In time I learned some patience, although it’s still a battle to keep from sending work out before it’s done. But I’ve developed something of a process to keep my urge to send work too quickly in check. You too can avoid premature submission, simply by following a few simple steps. Here’s how it works, based on the process I follow:
- The first drafts. Everything you write in the first draft or two sounds fantastic. The idea is original, the characters are interesting and deep, and the setting is perfectly described. The plot flows nicely up to the climax and resolution, which occur to you like divine inspiration. You’ve outdone yourself this time. What self-respecting literary journal could possibly reject this masterwork?

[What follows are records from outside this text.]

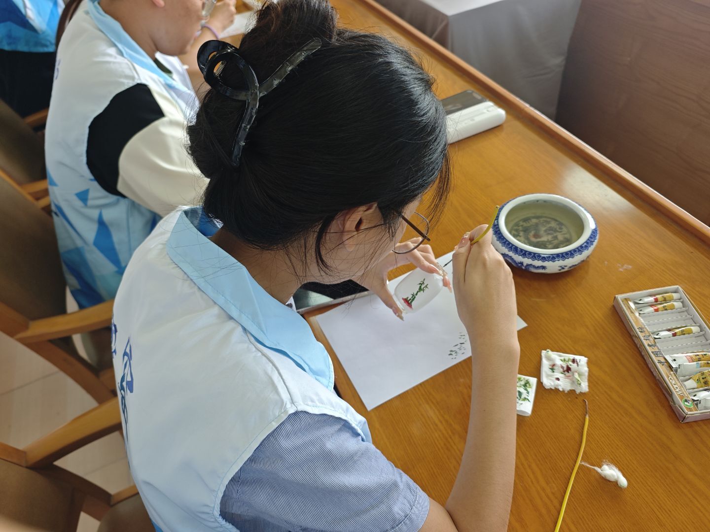 實踐尾聲,我們肩負(fù)起文化傳播的使命。上午走進張店區(qū)鐵路小學(xué),為小學(xué)生們帶來了一場生動的琉璃與魯派內(nèi)畫文化宣講。我們利用圖片深入淺出地講解琉璃的“火的藝術(shù)”特性和內(nèi)畫的“壺中天地”之妙。最受歡迎的環(huán)節(jié)是帶領(lǐng)孩子們體驗內(nèi)畫基礎(chǔ)筆法。盡管筆觸稚嫩,但孩子們專注的眼神和完成“作品”后最純粹的笑容讓我們看到了文化種子在幼小心田萌芽的希望。下午,實踐隊深入周邊社區(qū),設(shè)立宣傳點,通過實物觀摩、互動問答和隨機采訪等形式,向居民普及琉璃知識,了解普通民眾對本土非遺文化的認(rèn)知現(xiàn)狀與期待。許多老年居民對傳統(tǒng)琉璃器皿充滿感情,而年輕一代則更關(guān)注其藝術(shù)價值與創(chuàng)新應(yīng)用,這提示我們文化傳播需精準(zhǔn)對接不同群體的需求和興趣點。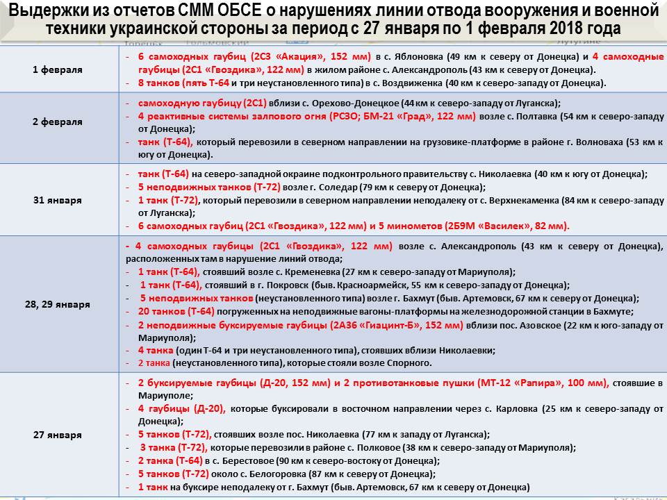 Вопреки Минским договоренностям украинское военное командование стягивает к линии фронта тяжелое вооружение, выводя его из мест временного хранения, что ежедневно отмечается в отчетах Миссии ОБСЕ.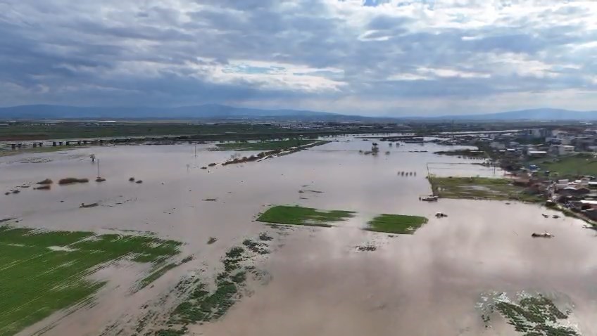 Yaşanan su taşkınları, hem tarım üretimini hem de kırsal yaşamı olumsuz etkilerken, bölgedeki son durum dron görüntüleriyle gözler önüne serildi.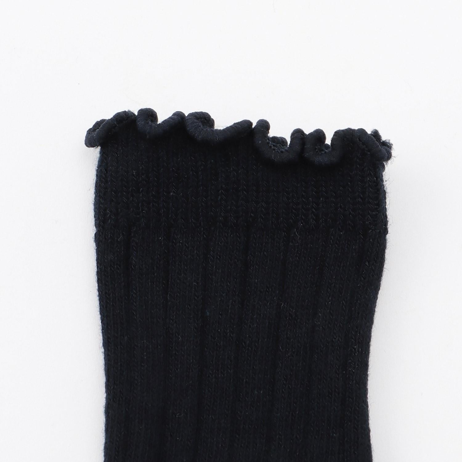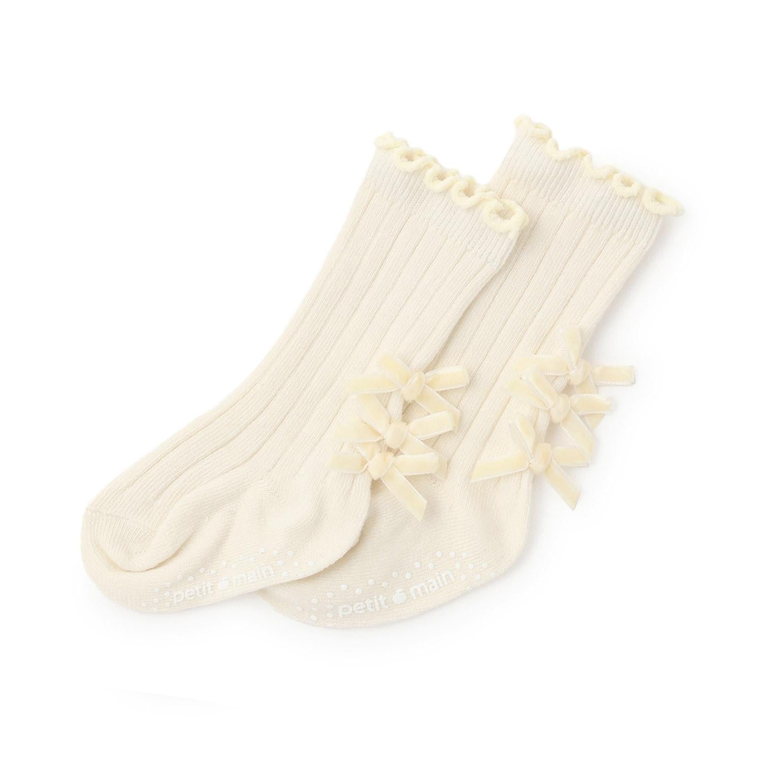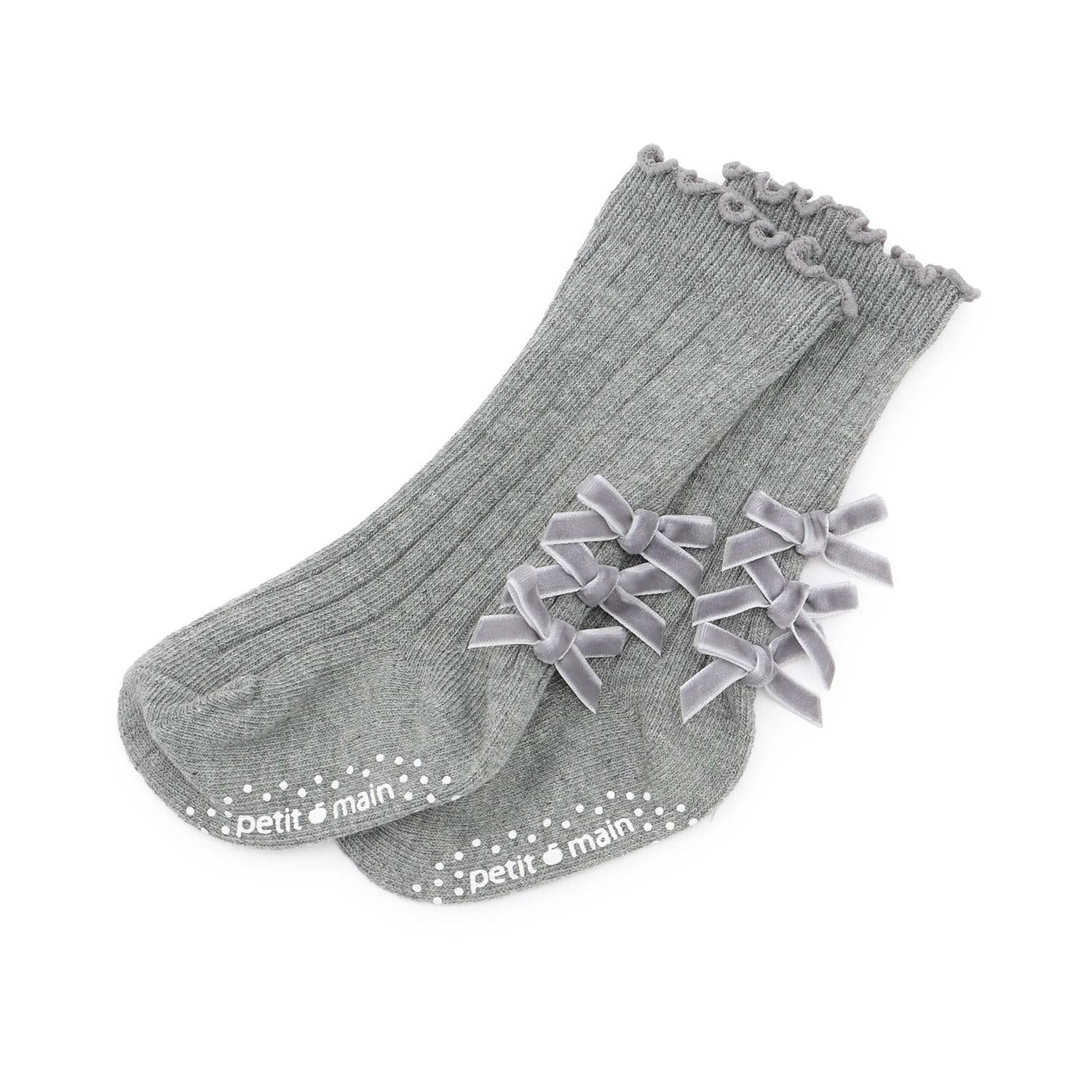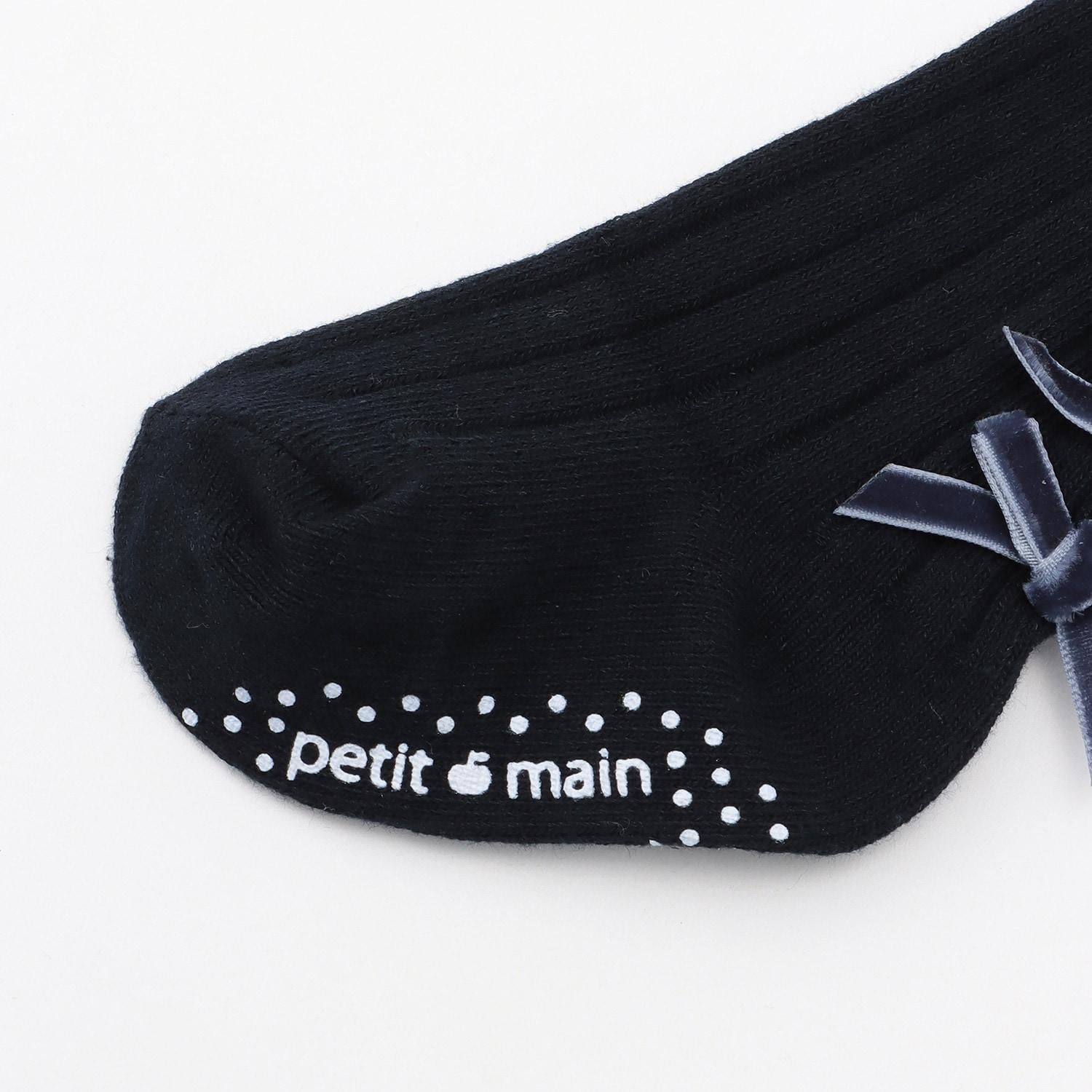 這款高筒襪有一個引人注目的亮點,那就是三條迷你絲帶連成一排。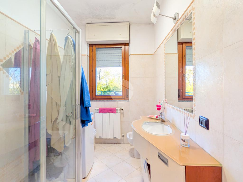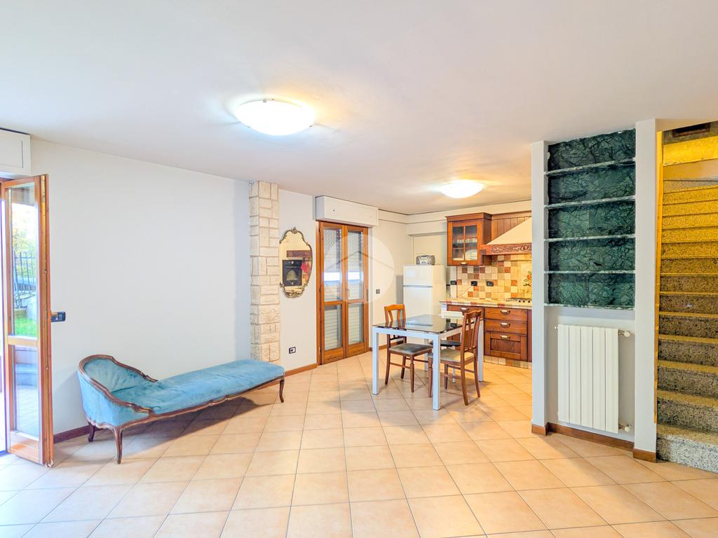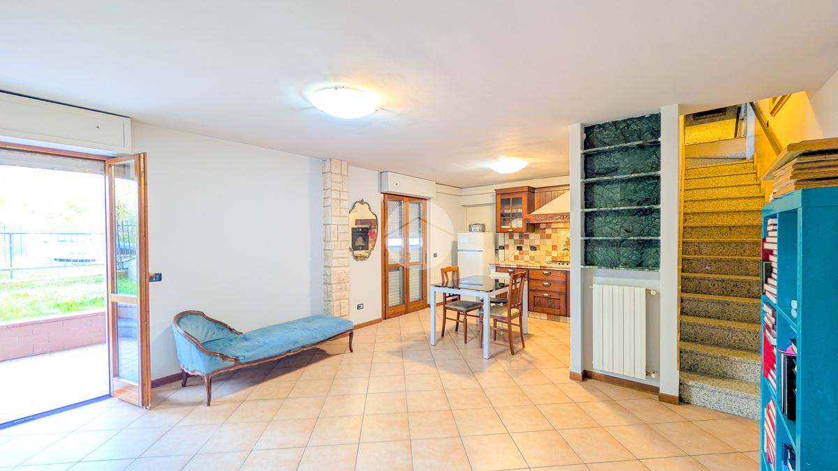 Una scala interna conduce alla spaziosa taverna, perfetta come sala hobby, studio, area home theatre o spazio per gli ospiti. Sullo stesso livello si trova una lavanderia e due porte finestre che conducono al giardino privato di circa 50 mq, ideale per chi ama gli spazi aperti o ha animali domestici.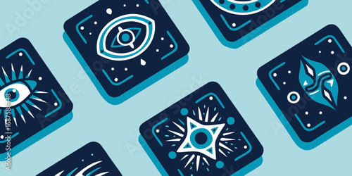 Tarot card set with mystic eye and celestial border. Boho esoteric tarot card with eye and frame. Vector illustration. Sacred geometry celestial triangle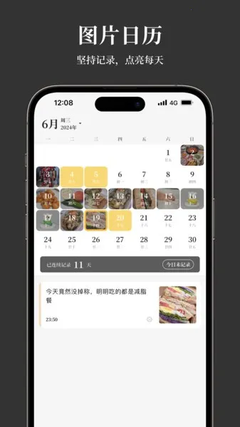 3、打卡助养成:日历视图可自动对每日记录内容打卡,方便用户第一时间查看,有助于养成良好记录习惯,告别拖延症。

But you know from experience that you need to slow down, and you force yourself to put the story away for a couple of weeks.
- When you come back to it, you are so sure it’s a winner that you open it eagerly. Just a few more tweaks to ensure everything is clear and there are no typos, and you can start sending it out… But as soon as you start to read, you begin to wonder about your sanity. This? This is your best work? The language is flat, the characters shallow, and the imagery is completely off. You start to go through and revise, but you can barely bring yourself to work on such a mess. It’s just too depressing. You call yourself a writer?
- Put the story away for a couple of months this time; maybe six or more if you have a good memory. The object is to forget what you’ve written (as much as possible) and be able to look at it with a fresh and relatively unbiased perspective.
- Now, when you open the file, you can view the story much as a reader or editor would. This time the story engages you right from the start. The language is powerful; the scenes are working. It wasn’t as bad as you remembered. But because you have some perspective now, you can see where it’s not communicating. You see the theme underlying the narrative, but you understand that readers may not. You see the holes in the logic, the gaps between what you intended and what the story actually says. And that is where the real work of writing begins. You understand now that you can’t rush the story to completion, and you’re willing to do the work necessary. As Gordon Lish once said, “Don’t do the best you can do, do the best that can be done.” This point, by the way, is when you should be workshopping the piece, not after step 1.
But how to keep your hands off that story while you wait for it to ferment? The key, to me, is to simply have a lot of stories in work; then you won’t be so tempted to rush any particular one. Keep a list of story ideas and add to it whenever possible. For each one, write a page or so of notes or prose to kickstart it. After you’ve finished a draft of one story, choose another from your list and see where you can take it. This will help keep your mind off the previous one. Have enough of them and you can delay the next draft of each story long enough so that you’re looking at it fresh when you finally get back to it.
Before you know it, your problems with premature submission will be cured—and it won’t take a little blue pill to do it.